Data shown
+-------+
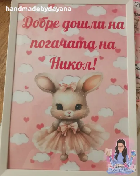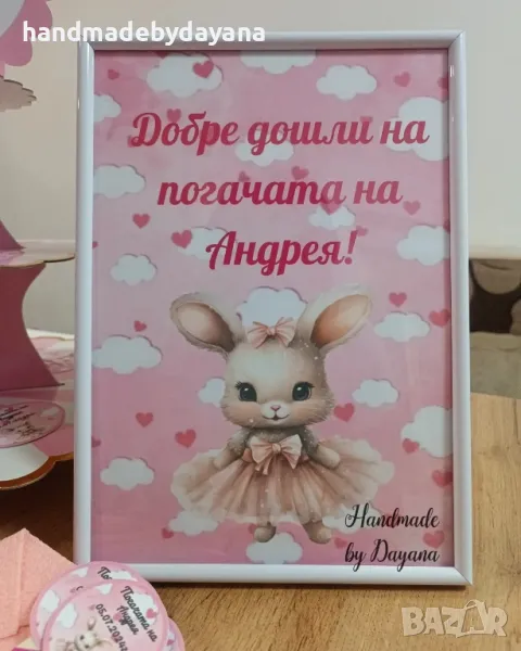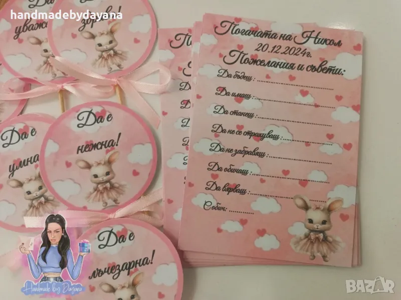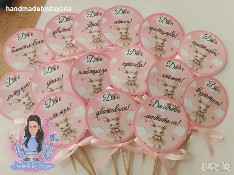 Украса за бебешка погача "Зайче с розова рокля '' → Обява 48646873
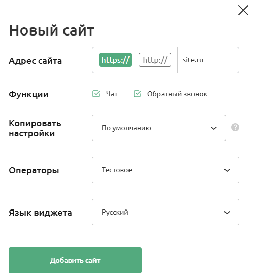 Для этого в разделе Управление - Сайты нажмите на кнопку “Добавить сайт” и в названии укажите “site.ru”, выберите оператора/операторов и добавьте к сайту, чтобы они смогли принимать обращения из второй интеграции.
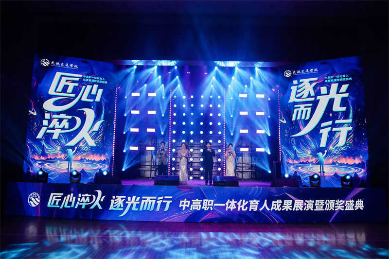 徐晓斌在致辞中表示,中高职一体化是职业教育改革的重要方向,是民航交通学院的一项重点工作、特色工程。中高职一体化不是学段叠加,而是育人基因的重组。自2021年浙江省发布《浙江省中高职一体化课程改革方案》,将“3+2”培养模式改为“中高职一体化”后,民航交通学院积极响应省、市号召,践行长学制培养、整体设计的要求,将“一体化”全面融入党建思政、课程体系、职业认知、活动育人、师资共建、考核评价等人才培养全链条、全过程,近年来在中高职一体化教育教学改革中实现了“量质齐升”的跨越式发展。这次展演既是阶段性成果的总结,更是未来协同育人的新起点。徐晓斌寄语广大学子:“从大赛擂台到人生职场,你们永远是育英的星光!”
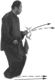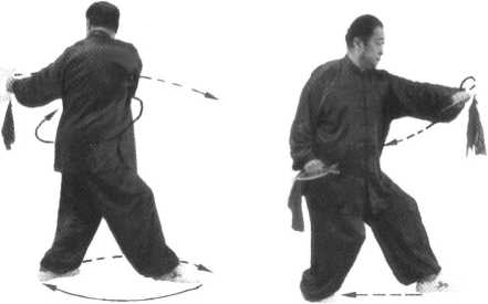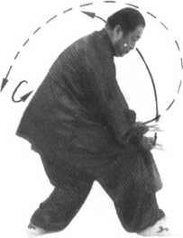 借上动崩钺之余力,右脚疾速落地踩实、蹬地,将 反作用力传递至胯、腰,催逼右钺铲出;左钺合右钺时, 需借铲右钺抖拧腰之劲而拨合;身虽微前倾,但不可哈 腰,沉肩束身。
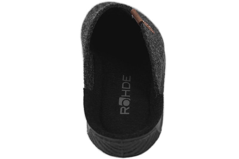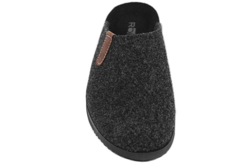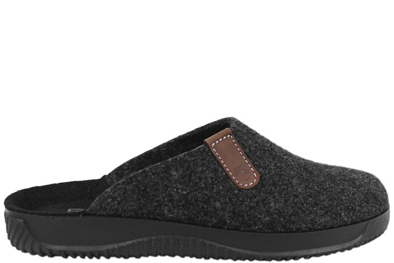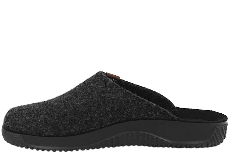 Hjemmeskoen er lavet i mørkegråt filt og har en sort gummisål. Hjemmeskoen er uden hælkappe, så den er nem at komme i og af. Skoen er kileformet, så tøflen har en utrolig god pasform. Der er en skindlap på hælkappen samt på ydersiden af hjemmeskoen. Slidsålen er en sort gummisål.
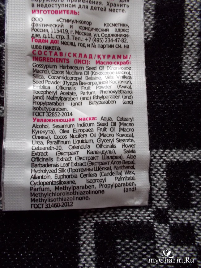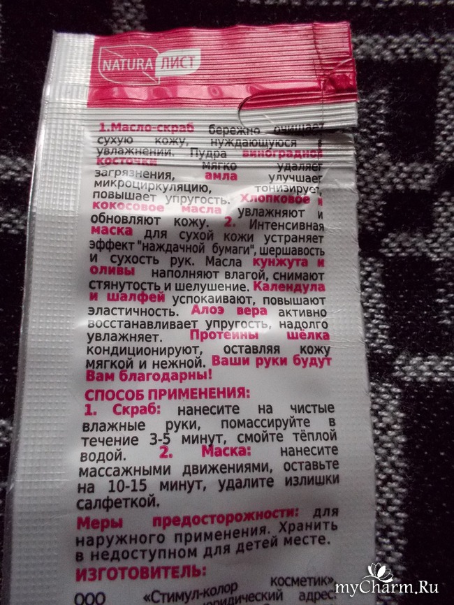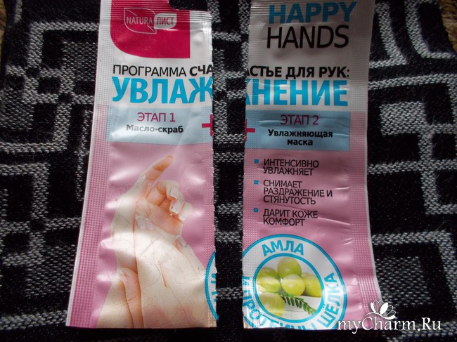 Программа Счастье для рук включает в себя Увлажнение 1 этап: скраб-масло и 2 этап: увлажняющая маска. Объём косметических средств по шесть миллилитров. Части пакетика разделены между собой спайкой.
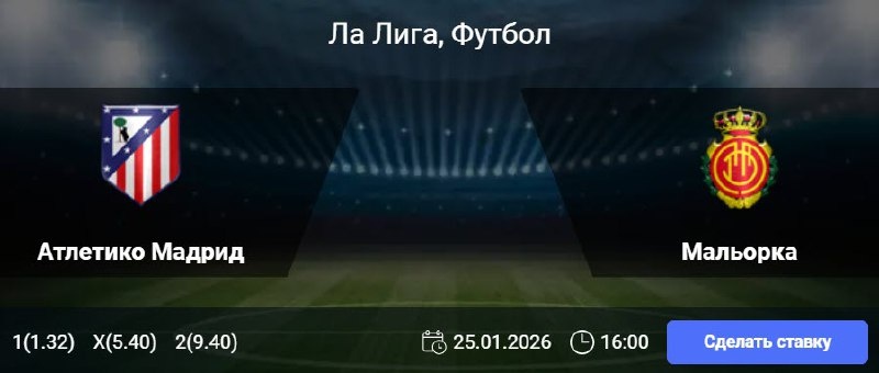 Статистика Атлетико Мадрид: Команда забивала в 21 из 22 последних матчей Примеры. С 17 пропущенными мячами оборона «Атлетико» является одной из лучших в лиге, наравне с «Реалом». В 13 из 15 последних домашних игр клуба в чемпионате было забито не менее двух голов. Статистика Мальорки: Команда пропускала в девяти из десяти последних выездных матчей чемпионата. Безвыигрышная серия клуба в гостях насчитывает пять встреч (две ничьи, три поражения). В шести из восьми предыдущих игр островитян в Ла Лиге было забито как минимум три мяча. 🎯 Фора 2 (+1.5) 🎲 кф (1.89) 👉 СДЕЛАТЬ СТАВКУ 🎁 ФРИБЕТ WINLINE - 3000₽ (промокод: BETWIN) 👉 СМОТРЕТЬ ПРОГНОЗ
+-------+
All that is wanted is the lines from the one holding "Для этого в" through the end of the material, duplicated exactly, with no pictures.

 Для этого в разделе Управление - Сайты нажмите на кнопку “Добавить сайт” и в названии укажите “site.ru”, выберите оператора/операторов и добавьте к сайту, чтобы они смогли принимать обращения из второй интеграции.
 徐晓斌在致辞中表示,中高职一体化是职业教育改革的重要方向,是民航交通学院的一项重点工作、特色工程。中高职一体化不是学段叠加,而是育人基因的重组。自2021年浙江省发布《浙江省中高职一体化课程改革方案》,将“3+2”培养模式改为“中高职一体化”后,民航交通学院积极响应省、市号召,践行长学制培养、整体设计的要求,将“一体化”全面融入党建思政、课程体系、职业认知、活动育人、师资共建、考核评价等人才培养全链条、全过程,近年来在中高职一体化教育教学改革中实现了“量质齐升”的跨越式发展。这次展演既是阶段性成果的总结,更是未来协同育人的新起点。徐晓斌寄语广大学子:“从大赛擂台到人生职场,你们永远是育英的星光!”
 借上动崩钺之余力,右脚疾速落地踩实、蹬地,将 反作用力传递至胯、腰,催逼右钺铲出;左钺合右钺时, 需借铲右钺抖拧腰之劲而拨合;身虽微前倾,但不可哈 腰,沉肩束身。
 Hjemmeskoen er lavet i mørkegråt filt og har en sort gummisål. Hjemmeskoen er uden hælkappe, så den er nem at komme i og af. Skoen er kileformet, så tøflen har en utrolig god pasform. Der er en skindlap på hælkappen samt på ydersiden af hjemmeskoen. Slidsålen er en sort gummisål.
 Программа Счастье для рук включает в себя Увлажнение 1 этап: скраб-масло и 2 этап: увлажняющая маска. Объём косметических средств по шесть миллилитров. Части пакетика разделены между собой спайкой.
 Статистика Атлетико Мадрид: Команда забивала в 21 из 22 последних матчей Примеры. С 17 пропущенными мячами оборона «Атлетико» является одной из лучших в лиге, наравне с «Реалом». В 13 из 15 последних домашних игр клуба в чемпионате было забито не менее двух голов. Статистика Мальорки: Команда пропускала в девяти из десяти последних выездных матчей чемпионата. Безвыигрышная серия клуба в гостях насчитывает пять встреч (две ничьи, три поражения). В шести из восьми предыдущих игр островитян в Ла Лиге было забито как минимум три мяча. 🎯 Фора 2 (+1.5) 🎲 кф (1.89) 👉 СДЕЛАТЬ СТАВКУ 🎁 ФРИБЕТ WINLINE - 3000₽ (промокод: BETWIN) 👉 СМОТРЕТЬ ПРОГНОЗ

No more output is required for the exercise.